The whole listing should be retyped word for word, apart from the pictures it holds.

**RAW DATA**
----

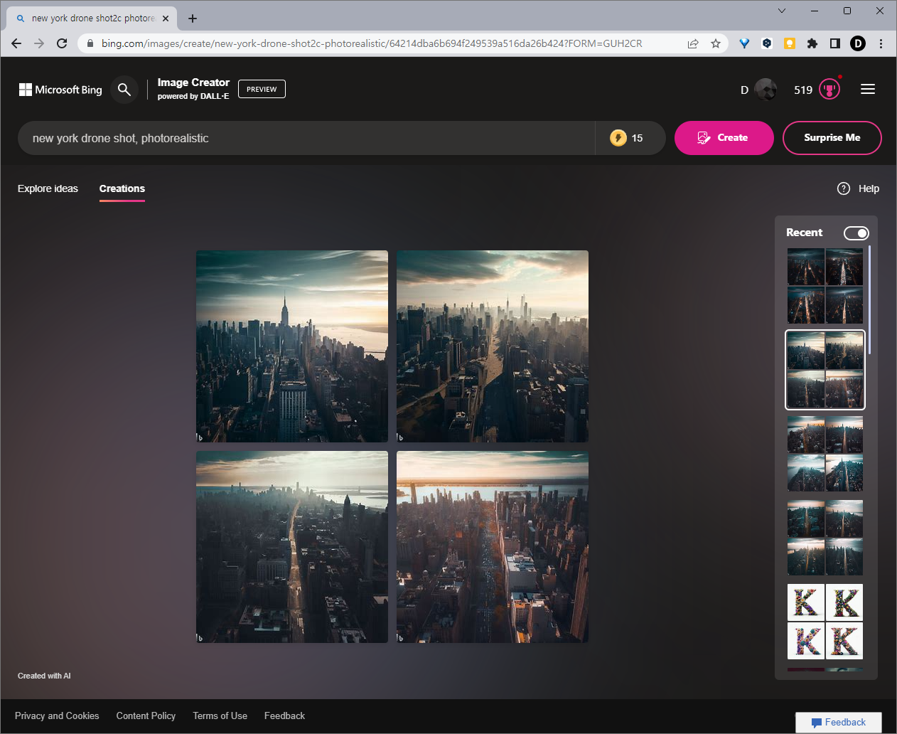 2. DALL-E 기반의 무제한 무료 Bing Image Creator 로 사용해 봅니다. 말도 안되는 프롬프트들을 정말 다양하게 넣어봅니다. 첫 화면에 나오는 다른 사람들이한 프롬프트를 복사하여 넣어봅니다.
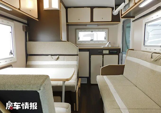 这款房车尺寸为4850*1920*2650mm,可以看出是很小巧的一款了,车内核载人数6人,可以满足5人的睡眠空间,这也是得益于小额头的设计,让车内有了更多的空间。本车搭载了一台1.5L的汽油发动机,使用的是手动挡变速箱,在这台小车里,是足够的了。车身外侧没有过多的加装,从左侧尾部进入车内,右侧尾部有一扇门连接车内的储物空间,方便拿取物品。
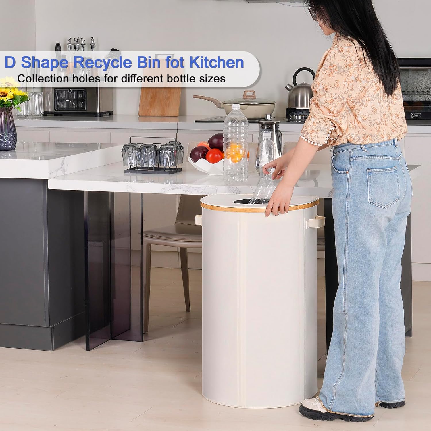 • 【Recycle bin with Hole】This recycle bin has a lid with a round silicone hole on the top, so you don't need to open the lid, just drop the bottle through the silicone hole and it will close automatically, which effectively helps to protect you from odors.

----

**ANSWER FOR THIS EXERCISE**
 2. DALL-E 기반의 무제한 무료 Bing Image Creator 로 사용해 봅니다. 말도 안되는 프롬프트들을 정말 다양하게 넣어봅니다. 첫 화면에 나오는 다른 사람들이한 프롬프트를 복사하여 넣어봅니다.
 这款房车尺寸为4850*1920*2650mm,可以看出是很小巧的一款了,车内核载人数6人,可以满足5人的睡眠空间,这也是得益于小额头的设计,让车内有了更多的空间。本车搭载了一台1.5L的汽油发动机,使用的是手动挡变速箱,在这台小车里,是足够的了。车身外侧没有过多的加装,从左侧尾部进入车内,右侧尾部有一扇门连接车内的储物空间,方便拿取物品。
 • 【Recycle bin with Hole】This recycle bin has a lid with a round silicone hole on the top, so you don't need to open the lid, just drop the bottle through the silicone hole and it will close automatically, which effectively helps to protect you from odors.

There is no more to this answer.